Friday, August 16, 2013

Fellow shrink identified Hasan after massacre

Ft. Hood – A fellow physician confirmed Hasan's identity only minutes after he admittedly attacked and killed 13 people, injuring more than 30.

Maj. Clifford Allen Hopewell, M.D., is a psychiatrist who formerly headed the Behavioral Health Unit of the Soldier Readiness Program.

Today, a big part of his job still includes automated computerized testing of soldiers for traumatic brain injury and certifying them ready for deployment.

Before his retirement, he was a colleague of Dr. Abu Nidal Malik Hasan; though their responsibilities diverged, they were involved in related practice, he explained from the witness stand on Thursday, just minutes before Col. Tara Osborne recessed court for the day.

Asked where he was on Nov. 5, 2009, a few minutes after the lunch hour ended, he explained that his operation headquartered in three buildings situated in a row directly behind Building 42003, where the attack took place.

When he first heard gunfire, he said, he knew it was semiautomatic weapon fire, but he thought it came from M-16 rifles.

He soon learned he was mistaken when he stumbled across an empty magazine of an unfamiliar type. “I knew it was not from the kind of sidearm they issue officers in a combat zone,” he told his questioner. “It wasn't from a Beretta.”

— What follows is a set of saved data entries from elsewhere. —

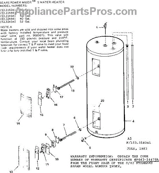 Sears Tall & Short Power Miser 5 Electric Water Heater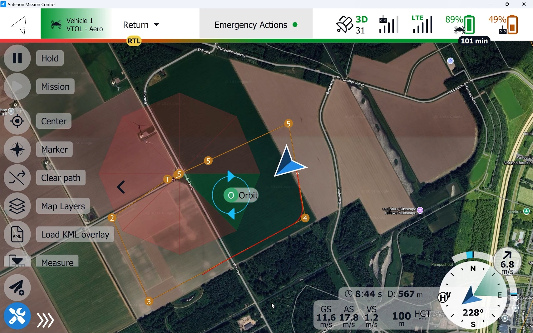 The DeltaQuad Evo will place the loiter-down orbit within the selected sectors, descend to the set landing altitude, exit the orbit in the direction of the landing location, transition, and land in multirotor mode at the planned location.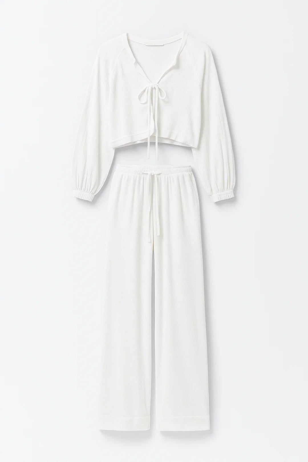 Set coordinata in tessuto leggero | Top con nodo e pantaloni larghi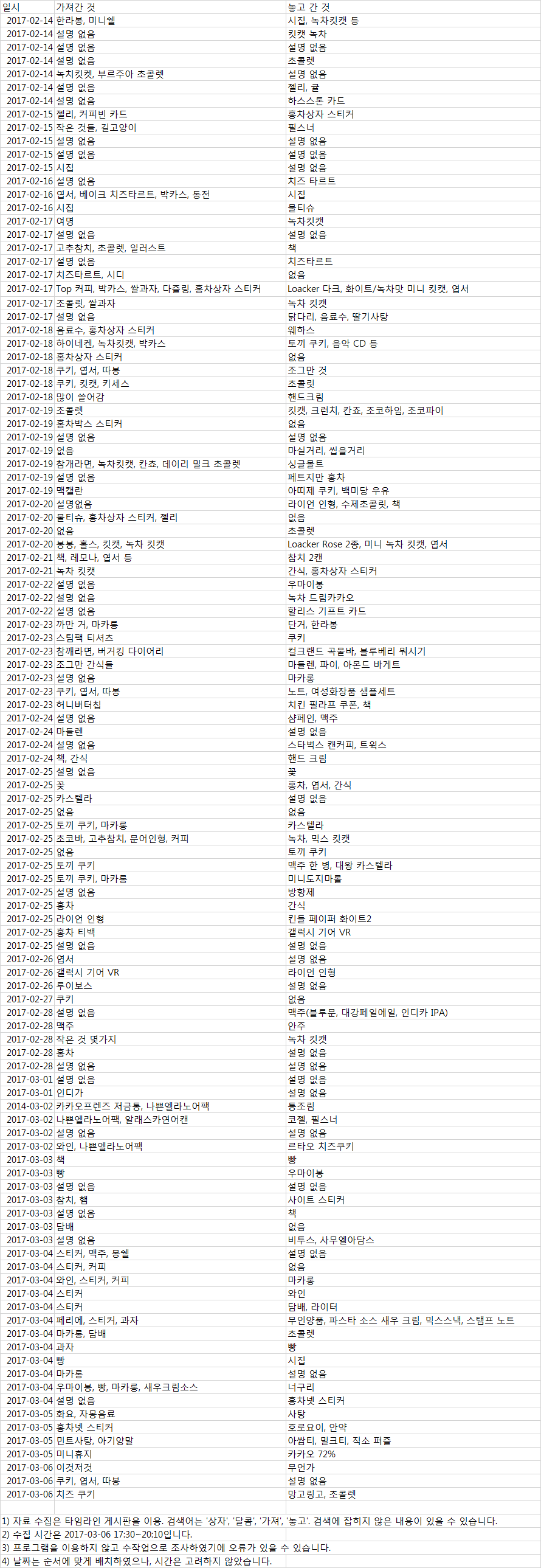 어라운드의 달콤창고 이용 내역은 기사를 통해 간접적으로 확인하는 것 외에는 살펴볼 수 없었고, 종각 홍차상자 이용 내역은 2017.2.14일부터 2017.03.06 20:10분까지 살펴보았습니다.
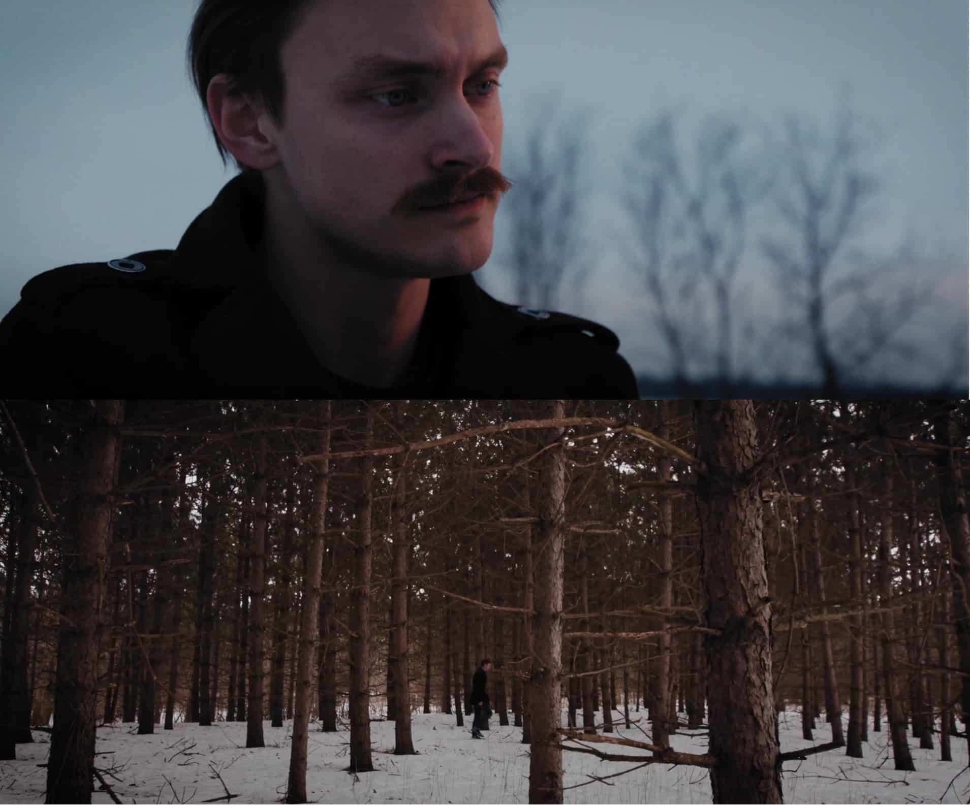 Two screenshots from the “Spark” video are shown stacked. The top image shows Michael Darling positioned to the slight left. He’s pensively staring off to the side, wearing a black coat. A pale blue sky and trees can be seen in the background to Darling’s right. The bottom image finds Darling in the middle of the screen, walking on snowy ground, a dot amongst the many tall trees.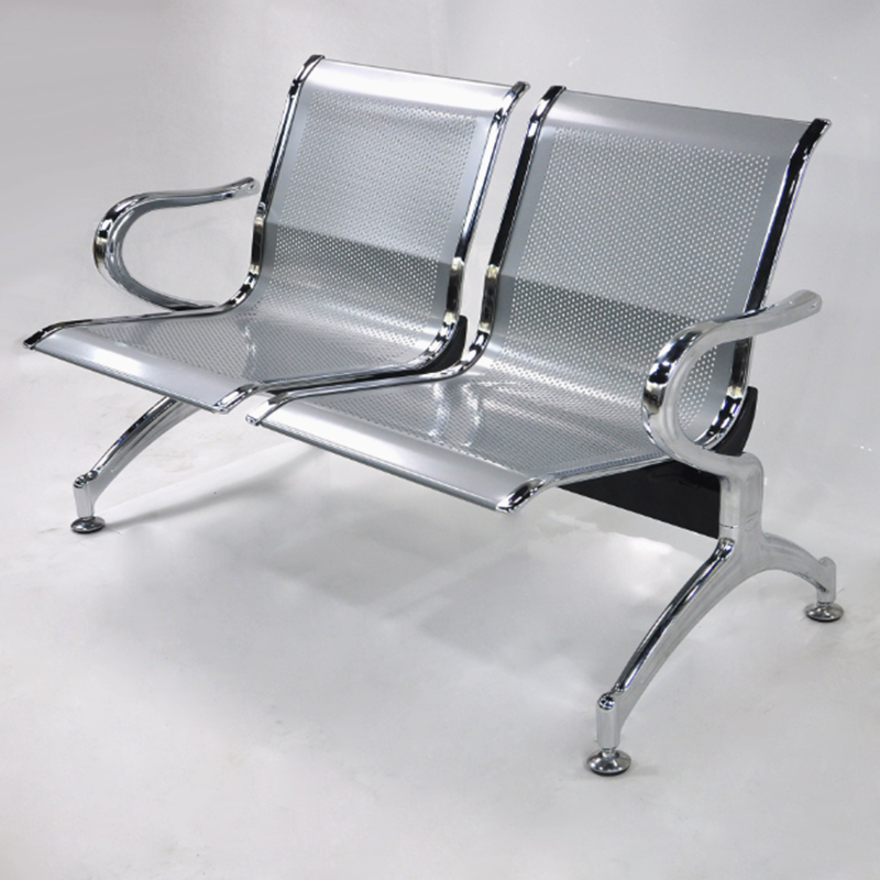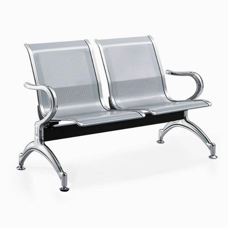 Integrated Armrest Dividers: Features sleek, polished chrome armrests that define personal space for each user while providing a sturdy grip for sitting and standing.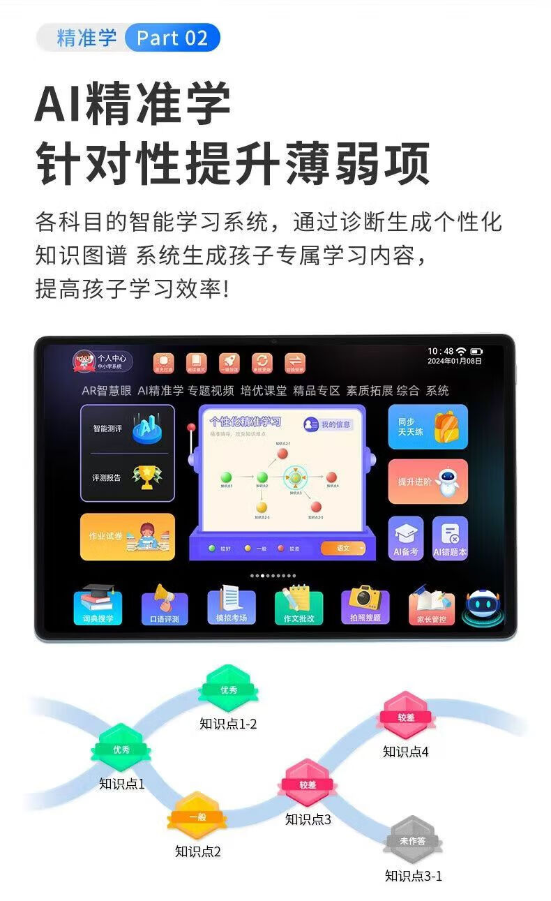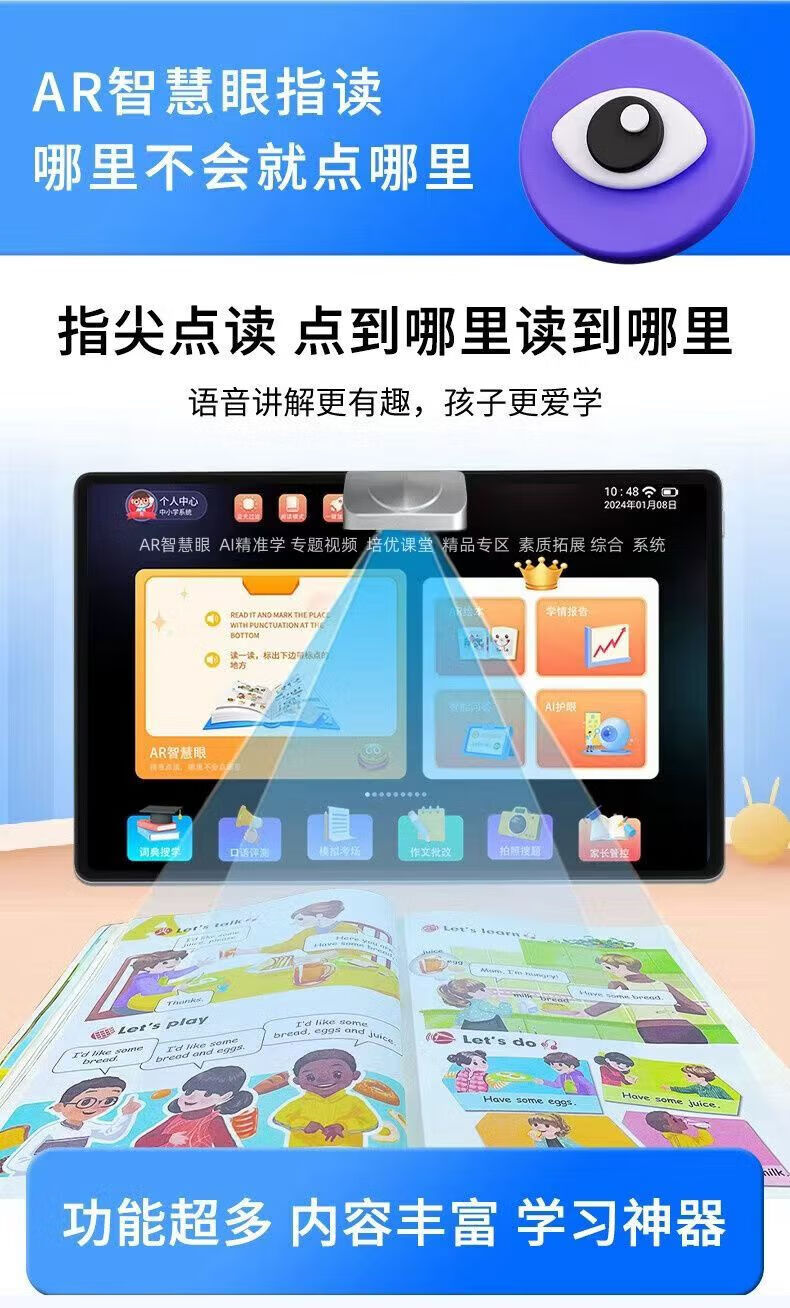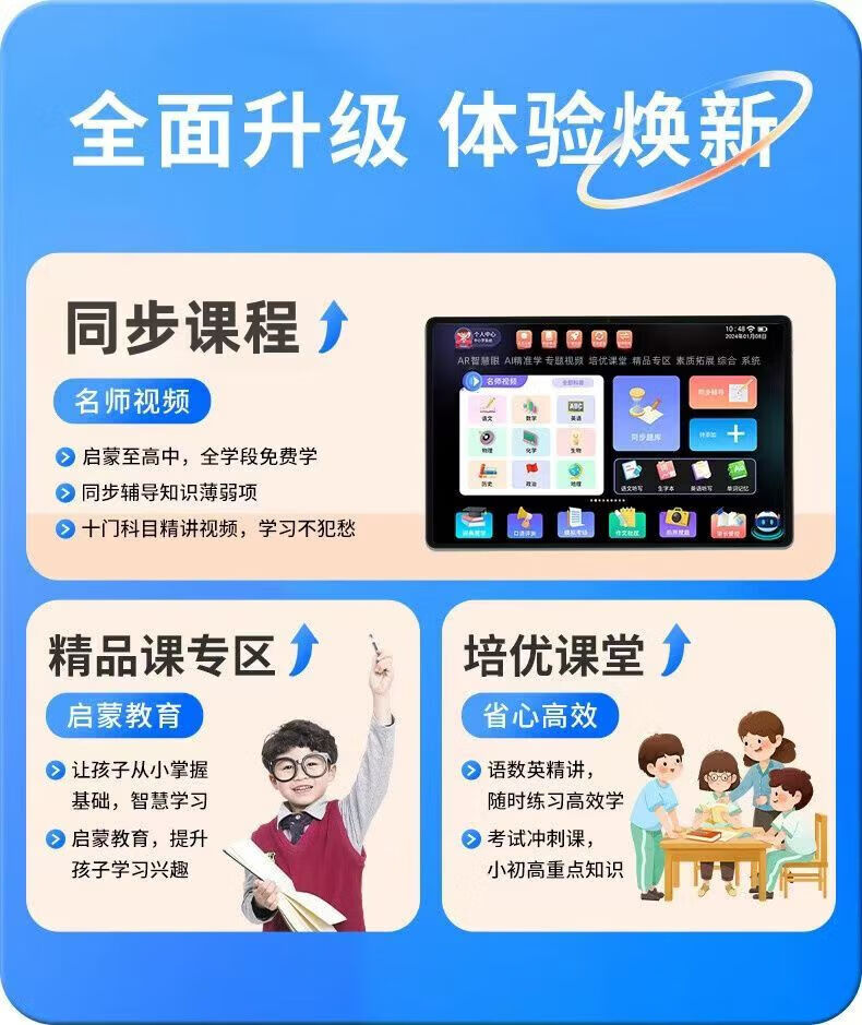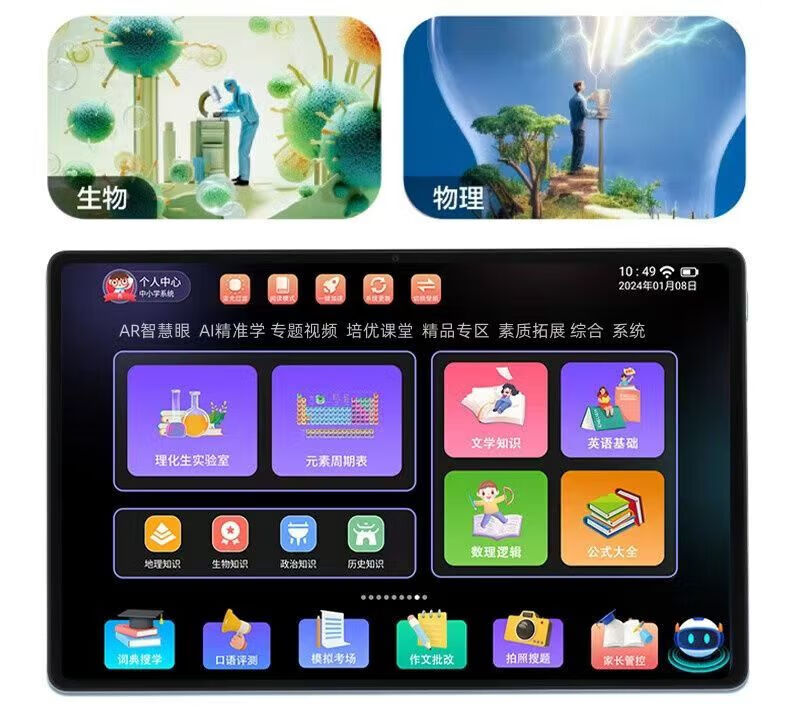 Little Ape Tutoring Little Ape AI Intelligent Learning Machine for First Grade to High School Students Tablet Synchronized Teaching Materials Tutoring Machine English Silver Little Ape Eye Protection Paper Screen + Famous Teacher’s Explanation 256GB x High-end Version Bluetooth Headset + Keyboard + Teaching Materials

Sure it was evidence, he picked it up and took it with him to make sure no one took it away as a keepsake. He later gave it to an Army criminal investigator.

When he walked a little further, he saw Major Hasan with a crowd of medics around him, struggling to keep him alive.

Army police spotted him and showed him an identity card with Hasan's picture on it. “They thought he was one of my employees,” he recalled. “I let them know the man they were treating was the one in the picture.”